At the time the case was filed, gay litigation groups were shying away from making federal constitutional claims due to the looming precedent of Bowers v. Hardwick, the 1986 case that upheld Georgia’s sodomy law. This year’s Supreme Court ruling in Lawrence v. Texas, which overruled Bowers, provides new opportunities to make federal constitutional claims, especially in light of Justice Antonin Scalia’s dissent that argued that the ruling leaves states vulnerable to demands for same-sex marriage rights.

Feinberg, however, mentioned Lawrence only briefly and did not consider it relevant to the questions before her, a view that echoed a marriage ruling by the Arizona Court of Appeals just weeks.

Feinberg easily disposed of the claim that the existing marriage statute could be interpreted to authorize same-sex marriages, concluding that the idea of same-sex marriages could not have been contemplated when the law passed in 1912. Though the statute is gender-neutral, she noted that there are numerous references elsewhere in state statute supporting the conclusion that only mixed-gender marriages are covered.

On the constitutional claims, Feinberg noted that the New Jersey Constitution’s due process and its implicit equal protection guarantees are usually interpreted to be coextensive with federal constitutional doctrine. She reviewed the lengthy history of same-sex marriage litigation, stretching back to the 1970s. Feinberg observed that even in the 1996 Hawaii marriage case, Baehr v. Lewin, in which that state’s supreme court ruled for same-sex marriage rights on equal protection grounds (overturned later by voters in a constitutional amendment), arguments for a fundamental right to same-sex marriage had been rejected.

In Vermont, where the state’s highest court found that gay people are entitled to the rights and benefits of marriage, the court was ultimately satisfied by the state’s enactment of a civil union law that specifically states that marriage is reserved for opposite-sex couples.

Both the Supreme Court and state courts have based their fundamental rights determinations heavily on history and tradition, and here Feinberg found no basis for concluding that same-sex marriage could be a fundamental right.

“The right to marry has always been understood in law and tradition to apply only to couples of different genders,” she wrote. “A change in that basic understanding would not lift a restriction on the right, but would work a fundamental transformation of marriage into an arrangement that could never have been within the intent” of the state constitution’s framers.

This argument is repeated throughout the opinion, which completely eschews discussion of moral or religious concerns about marriage, relying instead solidly on history and tradition.

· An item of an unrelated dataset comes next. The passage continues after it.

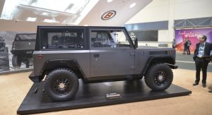 It’s called the B1 and it was first unveiled this past summer at the Classic Car Club of Manhattan. Naturally, as the world’s first “all-electric, all-wheel drive, off/on road sport utility truck”, the B1 couldn’t have skipped this year’s LA Auto Show.

On the equal protection issue, Feinberg noted that New Jersey analyzes equal protection by using a “balancing test,” weighing the importance of the right asserted and the justification advanced by the government for its differential treatment of a particular situation. Having found that there is no fundamental right to same-sex marriage, Feinberg found the balance weighed in favor of the government, embracing, though not explicitly citing, Supreme Court Justice Sandra Day O’Connor’s comment in her Lawrence concurrence that a state might have a legitimate interest in preserving traditional marriage.

Feinberg emphasized that changes in policy should normally be made by the legislature, not the courts, and noted that in fact the gay rights movement has achieved significant legislative gains in New Jersey on nondiscrimination, domestic violence, and parenting issues.

“It is entirely reasonable for the Legislature to enact legislative changes to protect same-sex couples without disturbing the marriage statute,” she wrote. “Impatience with the scope or pace of change is an insufficient basis upon which to justify the judicial creation of a new constitutional right.”

Noting that no other state grant same-sex couples marriage rights, Feinberg wrote, “It is reasonable for the Legislature to conclude that this State has an interest in preserving uniformity among the States with respect to the definition of marriage.”

Feinberg concluded by observing that the legislature might decide to be a “trailblazer” on this issue, but that it was up to the legislature to make that determination, not the courts.